I believe that you should be living with me; it is obvious that living with your brother has been a mistake!
And now that Darcy has married that treacherous fortune hunter, that little adventuress—”
Georgiana surprised her by lifting her chin, looking Lady Catherine directly in the eyes, and saying quite firmly—and loudly enough to be heard—“Elizabeth Darcy is a gentlewoman, a lady with refinement and kindness and loyalty. She is emphatically not a fortune hunter!”
Lady Catherine’s voice rose to an unpleasantly shrill tone: “You apparently know nothing of the matter, girl. You are full young, of course—”

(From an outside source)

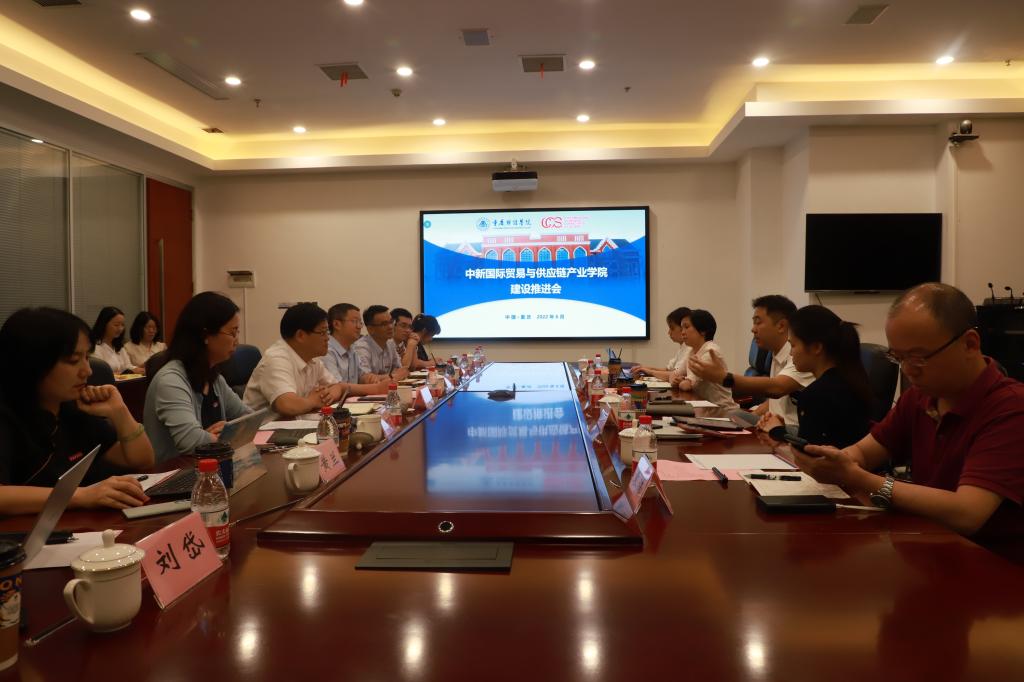 为继续深化产教融合、加快项目建设进度。2022年6月24日,我校“中新国际贸易与供应链产业学院”(以下简称:中新产业学院)建设推进会顺利举行。重庆市中新示范项目管理局交通物流与航空产业项目推进部、新加坡企业发展局重庆办事处、中新互联互通(重庆)物流发展有限公司、新鸥鹏集团专家委员会、靠谱的电子游戏官网有关负责人参加推进会。会议由校长助理崔中山主持。

Lady Helen’s voice, lower in volume but also in timbre, and somehow, therefore, more dominant, rang out from the doorway: “Catherine, you have no business accosting our niece in my home, insulting our absent niece and nephew, and throwing your weight around as if you were the head of the Fitzwilliam and the Darcy families, when, in reality, you are the head of neither!”
Lady Catherine breathed deeply, harshly, for a few seconds. Finally feeling a mastery of her emotions, she said, “All I need from one of you is to know where Darcy and his—his party—is heading first. I need to speak to him.”
She watched while Georgiana and Helen exchanged glances. Lady Catherine narrowed her eyes in suspicion—were they truly going to lie to her?
“I only know that they were heading south, Aunt,” Georgiana said. “They will make a sort of circuit and come to Pemberley last.”
“South is not exactly helpful!” Lady Catherine opened her mouth as if to say more, but the earl’s voice boomed from the doorway.
“Catherine! Come meet with me, if you wish—do not harangue the ladies!”
Almost an hour after she had left her carriage, Lady Catherine strode out of Matlock House and looked around for the vehicle.
She felt immensely cross—after all, she had ordered the carriage to stay at the kerb!
Fuming, she turned back to the butler to order her carriage to be brought around at once.
No answers were to be had at Matlock House; if they were to be believed, all that the earl and Georgiana knew about the matter was that Darcy had headed south.
It was time to tap her pre-paid assistants for their help. But she would do so in comfort. She had booked rooms at the Clarendon, on Bond Street, and Howards was already there, unpacking her trunk and pressing her gowns.
She would return to the Clarendon, and from there she would send her servants to contact Darcy’s servants, and she would get the answers she sought.